◆ **REQUIRED ACTION**
Give back, word for word, only the lines from the opening of the records through the one with "根据业务场景、历史接待记录等". Pictures stay out.

--- START ---

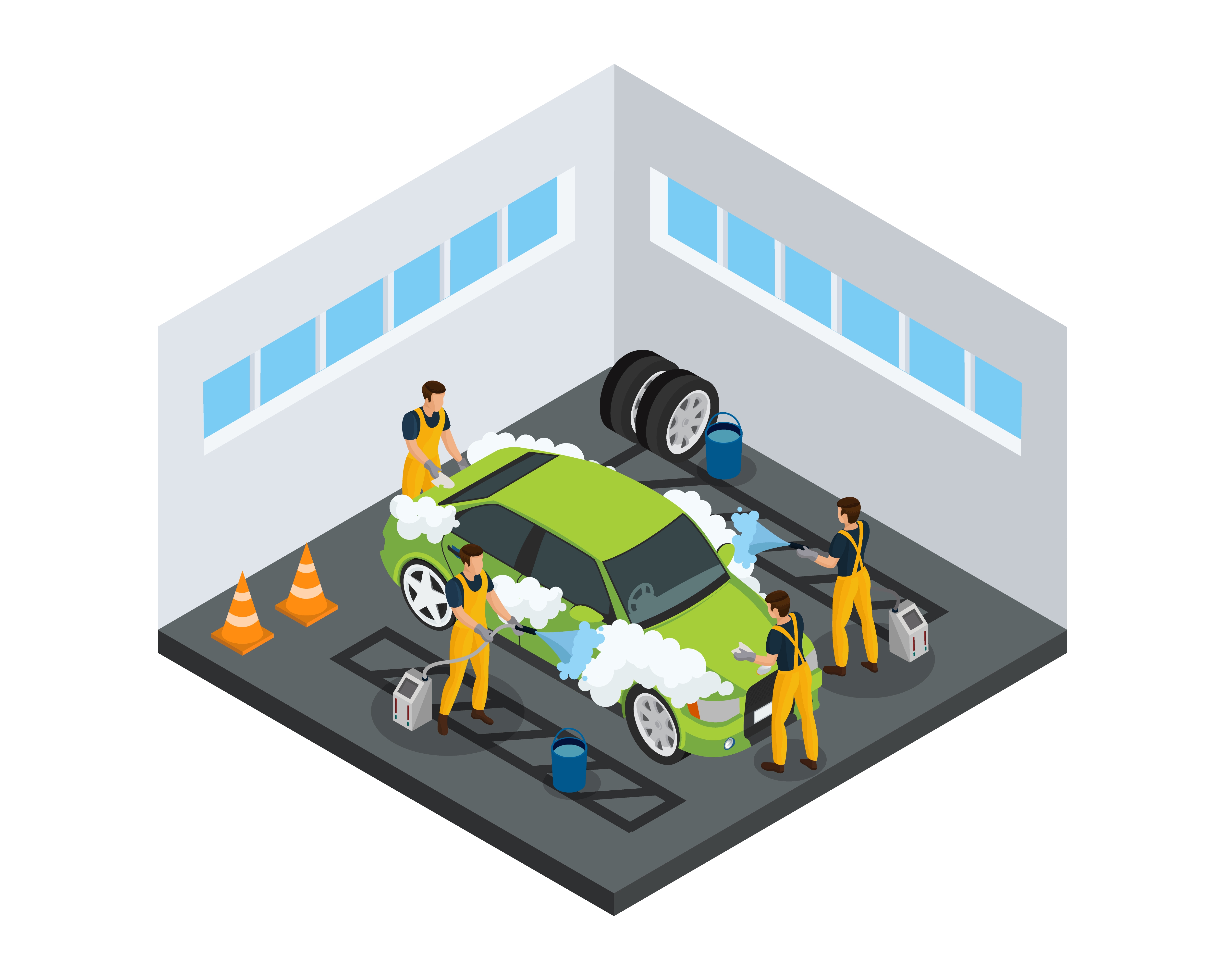 1 张 卡通自助汽车清洗套件平面组合
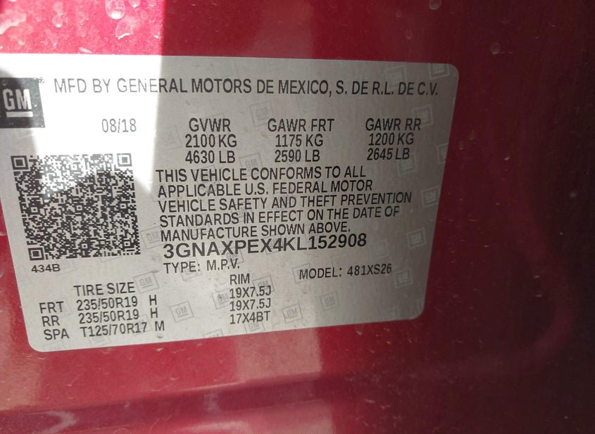 - VIN: 3GNAXPEX4KL152908
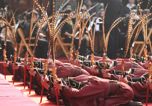 臺(tái)北孔廟13日舉行春祭典禮,臺(tái)灣藝術(shù)大學(xué)舞蹈系學(xué)生在大成殿前表演春祭新佾舞,展現(xiàn)舞蹈系底子的絕佳柔軟度。圖片來源:“中央社”
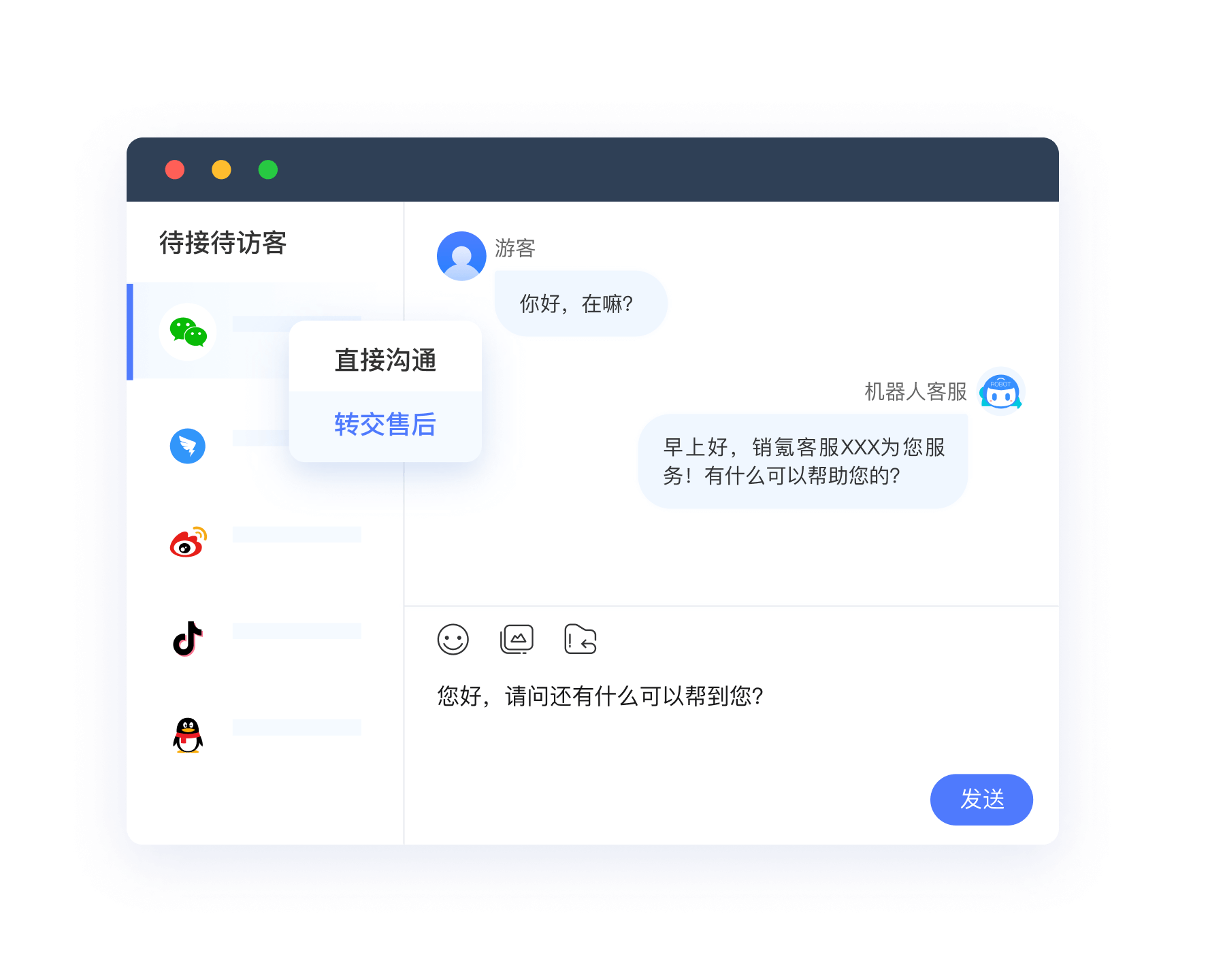 根据业务场景、历史接待记录等智能分配最优客服人员接待;支持定义分配规则,高效分配机器人或人工接待
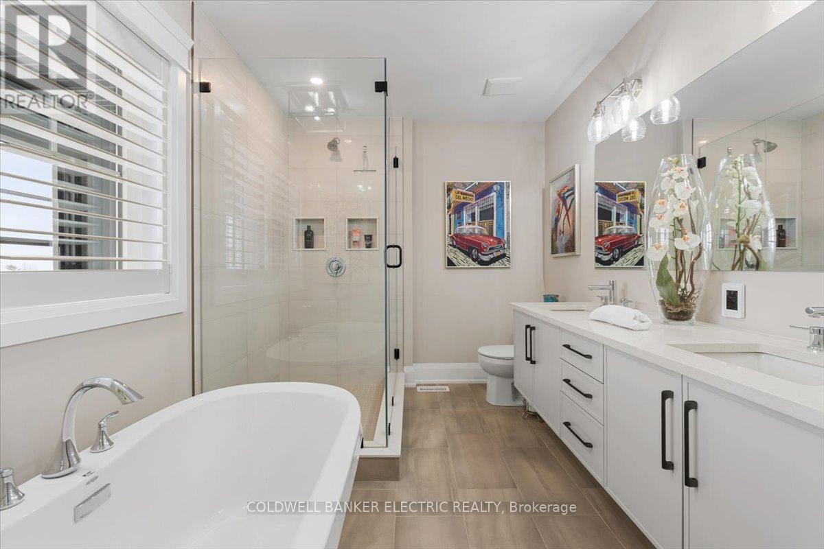 This award-winning home model exemplifies luxury living at its finest. Perched on a premium, elevated lot backing onto a tranquil conservation area, it offers breathtaking, unobstructed views and exceptional privacy. A truly standout feature is the custom decking - an impressive, one-of-a-kind addition unlike anything else in the neighbourhood. Boasting 4+ bedrooms and 5 bathrooms, this home is thoughtfully designed with upscale finishes throughout, including quartz countertops and backsplashes, heated floors, electric fireplaces, and high-end appliances. Sensor-lit walk-in closets and refined architectural details further enhance the home's sophistication. The main floor features a stunning open-concept layout, seamlessly blending the kitchen, living, and dining areas - perfectly suited for both everyday living and entertaining, and reminiscent of a designer showcase. The fully finished walkout lower level includes a self-contained studio suite, ideal for multi-generational living or extended guest accommodations. Ideally situated close to all amenities, this home offers the perfect balance of convenience and natural beauty. Enjoy a short stroll to the Rotary Trail, where walking, cycling, or jogging will lead you into the scenic surroundings of Jackson's Park. 78 York Drive - A place you'll be PROUD to call home. (id:61423)
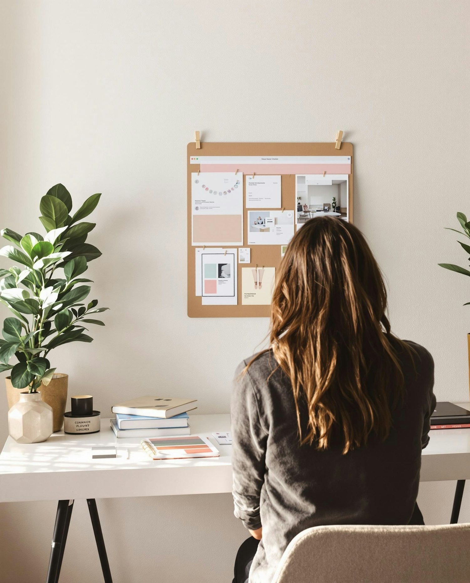 A peaceful creative workspace with a woman seen from behind, sitting at a minimalist desk. She is focused on a moodboard pinned on the wall. The room is softly lit by natural daylight. On the desk: color swatches, notebooks, and a computer screen with a blurred design interface. The atmosphere is warm, quiet, and thoughtful. The woman’s face is not visible, and the image feels candid and authentic. Style: candid lifestyle photography, realistic lighting, soft tones, modern design.
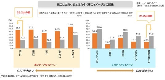 6. 親のはたらく姿と子どものはたらくイメージの関係:親のはたらく姿に対する子ども(学生)の印象と、学生のはたらくイメージ【ポジティブ/ネガティブ項目】との関連を分析した。結果、親が「幸せそうに見える」学生ほど、はたらく事へのポジティブなイメージを持っており、「幸せそうに見えない」学生ほどネガティブなイメージを持っていた。本分析は相関であり因果関係ではないものの、中でも「楽しい」は35.2ポイントの差が生じており、家庭内での親(就業者)の働く姿の印象が、子どもの労働観やキャリア観の形成に影響する可能性が示唆される。
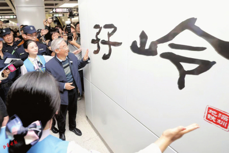 崗廈北站是深圳交通網(wǎng)絡(luò)中的重要節(jié)點(diǎn),設(shè)計(jì)獨(dú)具匠心,通過(guò)天井將陽(yáng)光引入地下,科技感和藝術(shù)性兼具,被譽(yù)為“深圳之眼”。在崗廈北站樞紐的“深圳之眼”下,姥爺即興揮毫,寫(xiě)下“情滿鵬城”“厚德載運(yùn),深鐵為民”。墨跡未干,照片已登上熱搜。
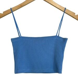5/$25 Subdued Thin Spaghetti Strap Bandeau Cropped Cami Top Ribbed Blue S/4
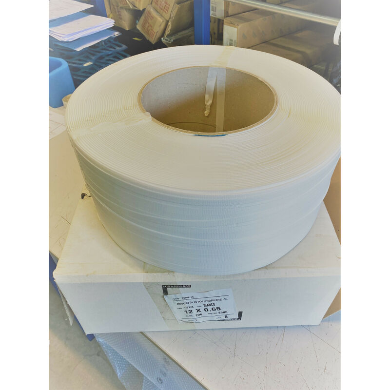 Riciclabile al 100%, totalmente smaltibile, economica e pratica, zigrinata, raggiunge livelli di massima tenacità e affidabilità. Colore Bianco. Misure: Bobina 2500 mt. Larghezza reggetta 12 mm Spessore reggetta 0,65 mm Foro interno rotolo da 20 cm
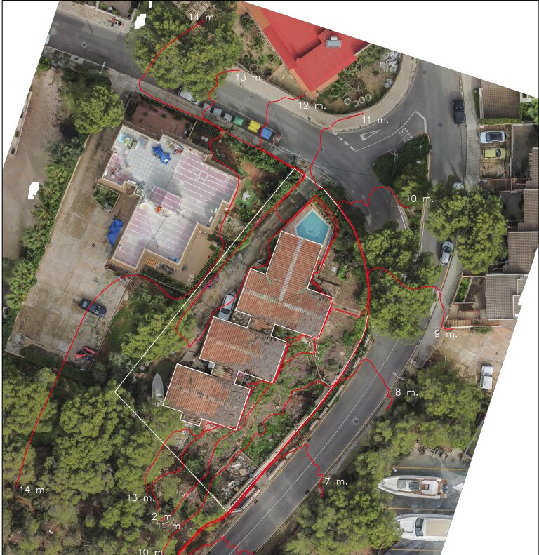 A topographic survey is a process that involves measuring and graphically representing the physical characteristics of a terrain, including its shape, elevations (contour lines), and existing features, to create a plan or digital model. This technical study is fundamental for planning construction projects, engineering projects, urban development, and many other applications that require precise knowledge of the Earth’s surface. By using aerial photographs, all the details of the terrain and buildings are clearly visible, all to scale, allowing for the creation of a topographic map of the surface and structures.

--- END ---

◆ **ANSWER SECTION**
 1 张 卡通自助汽车清洗套件平面组合
 - VIN: 3GNAXPEX4KL152908
 臺(tái)北孔廟13日舉行春祭典禮,臺(tái)灣藝術(shù)大學(xué)舞蹈系學(xué)生在大成殿前表演春祭新佾舞,展現(xiàn)舞蹈系底子的絕佳柔軟度。圖片來源:“中央社”
 根据业务场景、历史接待记录等智能分配最优客服人员接待;支持定义分配规则,高效分配机器人或人工接待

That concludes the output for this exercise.